Polisy na życie często wykorzystywane są jako zabezpieczenie spłaty kredytu czy pożyczki. Klient, który przystępuje do takiego ubezpieczenia, opłaca składkę i myśli, że w razie jego ciężkiej choroby albo śmierci ubezpieczyciel wypłaci kwotę, na którą się ubezpieczył. Czasem okazuje się, że takie myślenie jest naiwnością.
Warto sprawdzić: Odszkodowanie za opiekę nad bliską osobą się należy
Do rzecznika finansowego wpłynęły wnioski o interwencję wobec Banku Millennium i Towarzystwa Ubezpieczeń na Życie Europa. Rzecznik przyjrzał się sprawie i znalazł w ogólnych warunkach ubezpieczenia (OWU) postanowienia wyłączające odpowiedzialność za zdarzenia, które powstały po przystąpieniu do ubezpieczenia, ale z przyczyn istniejących przed zawarciem umowy. Mowa tu o wyłączeniu przypadków, w których ubezpieczony klient umiera na skutek choroby, na którą cierpiał przed zawarciem umowy ubezpieczenia (np. nadciśnienie skutkujące zawałem serca).

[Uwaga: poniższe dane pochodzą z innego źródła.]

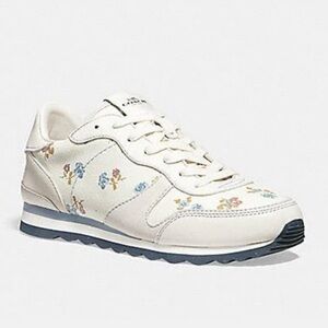 Coach C142 runner rose feminine athletic sneakers with romantic floral detail. Size 11. In very good pre owned condition with a few sings of wear as pictured.

Rzecz w tym, że na etapie zawierania umowy nikt klientów nie pytał o stan zdrowia, a ta kwestia była badana dopiero po zgłoszeniu roszczenia przez uprawnionego, tj. spadkobierców, a w przypadku poważnego zachorowania przez ubezpieczonego po zgłoszeniu roszczenia. Osoby, które przystępowały do ubezpieczenia i opłacały składkę, mogły nie zdawać sobie sprawy z tego, że polisa nie zabezpiecza ich tak naprawdę na wypadek sytuacji, która grozi im najbardziej. Zdaniem ekspertów rzecznika finansowego, jeśli kwestia ta nie była rozpatrywana przez ubezpieczyciela przy zawieraniu umowy, to analogicznie powinna być pomijana w momencie wypłaty świadczenia.
Rzecznik finansowy skierował sprawę do sądu. Pozew przeciwko Millennium Bank i Towarzystwu Ubezpieczeń na Życie Europa opiera się na zarzucie stosowania nieuczciwych praktyk rynkowych, które polegały przede wszystkim na dezinformacji konsumentów co do rzeczywistego charakteru ubezpieczenia zawieranego przy podpisywaniu umowy pożyczki.